## Instructions to follow
Beginning at the line that includes "جند اسرائيليون على", return each line exactly through the end of the listing, and no line before it.

★ ★ ★ ★ ★ ★ ★

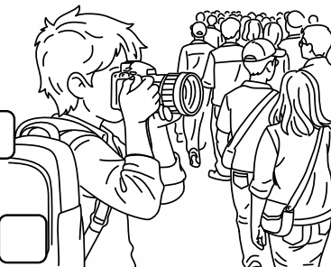
Kuba fotografuje uliczny tłum.
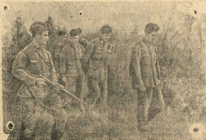
Группа гитлеровцев, захваченных в плен, направляется в тыл.

(Район Зубцова)
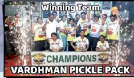
Winning Team VARDHMAN PICKLE PACK
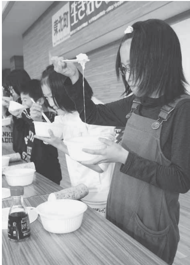
粘りと風味がたまらない。ナガイモとろろ早食い大会
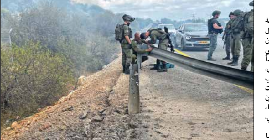
جند اسرائيليون على الحدود مع لبنان، 4 سبتمبر الحالي

تصاعد التوترات في المنطقة وتوسع الصراع بشكل أكبر، وفي هذا السياق قال رئيس جهاز المخابرات الخارجية البريطانية ريتشارد مور إنه يعتقد أن إيران لا تزال تعتمد النار لأعتبال رئيس المكتب السياسي لـ«محاس» إسماعيل هنية في طهران أواخر يوليو/تموز الماضي، وعندما سُئل مور، خلال فعالية صحفية فاينانشال تايمز أمس، عما إذا كانت إيران ستهدف سفننا لكن لاحقاً تبّين أن الكيان الصهيوني وراءها». وأضاف أن الاحتلال الإسرائيلي طلب وقف الهجمات على سفنه بعدما استهدفت سفينته الخامسة، لافتاً إلى أن القوات الإيرانية استهدفت 12 سفينة إيرانية وأخرى والبحر الأبيض المتوسط لمنع إيران من تصدير نفطها، مشيراً إلى أنه «في البداية لم تكن نعلم هوية الجهة التي

★ ★ ★ ★ ★ ★ ★

## Solution below
جند اسرائيليون على الحدود مع لبنان، 4 سبتمبر الحالي

تصاعد التوترات في المنطقة وتوسع الصراع بشكل أكبر، وفي هذا السياق قال رئيس جهاز المخابرات الخارجية البريطانية ريتشارد مور إنه يعتقد أن إيران لا تزال تعتمد النار لأعتبال رئيس المكتب السياسي لـ«محاس» إسماعيل هنية في طهران أواخر يوليو/تموز الماضي، وعندما سُئل مور، خلال فعالية صحفية فاينانشال تايمز أمس، عما إذا كانت إيران ستهدف سفننا لكن لاحقاً تبّين أن الكيان الصهيوني وراءها». وأضاف أن الاحتلال الإسرائيلي طلب وقف الهجمات على سفنه بعدما استهدفت سفينته الخامسة، لافتاً إلى أن القوات الإيرانية استهدفت 12 سفينة إيرانية وأخرى والبحر الأبيض المتوسط لمنع إيران من تصدير نفطها، مشيراً إلى أنه «في البداية لم تكن نعلم هوية الجهة التي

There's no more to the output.